Here Is What The Next Prime Minister Of England Needs To Do

 The next government needs to reduce taxes as a share of GDP,The supply-side revolution we have seen with corporation tax needs to be extended to income tax, national insurance, capital gains tax and stamp duty.

For once, some good news on the tax front – if you are an entrepreneur or a wealth creator in business, that is. George Osborne’s tax reforms have paid off in one crucial way: British companies now pay far less tax than their rivals in almost all the other main economies. That is one of the findings in the latest analysis from the National Institute for Economic and Social Research (NIESR).
Remarkably, as a result of repeated cuts to corporation tax, the effective corporate tax rate is set to fall from 16.3pc last year to only 13.3pc next year.
This will be substantially lower than the 29.1pc in the US, 29.6pc in Japan, 32.7pc in France or 19.4pc in Germany. Excluding Greece, which has a broken tax system, only Ireland (at 9.8pc) and the Netherlands (8.4pc) have a lower effective corporate tax rate – and the gap has shrunk dramatically. The UK still has high indirect business taxes, not least the ridiculous business rates, and nasty levies on bank balance sheets. But when it comes to direct tax on profits, we are now competitive.
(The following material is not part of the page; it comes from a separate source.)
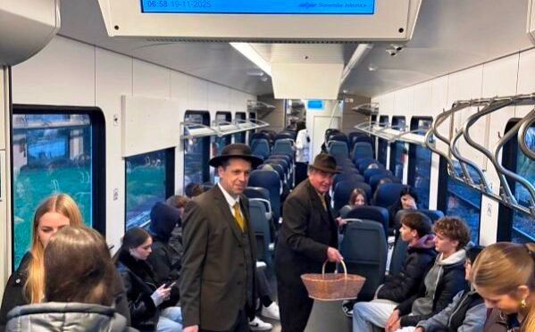 Sevniški čebelarji na vlaku presenetili potnike z delitvijo jabolk in medu

By contrast, it is much less good news if you are an employee: the overall average tax rate on labour income, including both kinds of national insurance, is rising. It will reach 23.6pc in 2015, higher than in the US (19.1pc), Canada (21.8pc), Australia (a mere 14.2pc), Ireland (21.4pc) and Japan (23pc). Our performance is more middling than dire; we are a better base for the average worker than France, Italy, Spain or Germany.
There is a caveat: companies are merely legal constructs – a collection of people that contract together to co-operate, with some providing money and others their time – and don’t really exist in any meaningful way. They cannot pay tax, which is something only people can do. Levies on dividends and capital gains are thus another kind of “corporate tax” as they hit the proceeds of corporate activity.
Cutting corporate taxes helps workers, by boosting productivity and hence wages, and owners of capital, by increasing their wealth. There is much disagreement about the relative importance of these two effects, with some studies showing that workers, over time, grab all the gains from a cut in corporate tax, and others suggest the benefits are shared out more equally.
What really matters is the overall tax burden, not so much the distribution between “companies” and individuals. The next government needs to reduce tax as a share of GDP, and that means accelerating cuts to public spending as a share of national income to ensure that the deficit can also be shrunk. It means picking and choosing the most damaging taxes to cut first: the supply-side revolution we have seen with corporation tax needs to be extended to income tax, national insurance, capital gains tax and stamp duty.
Britain, for all its red tape and other frustrations, is a good place to set up and operate a business, at least when it comes to taxation. The next government needs to focus on liberating and unleashing individual workers, too.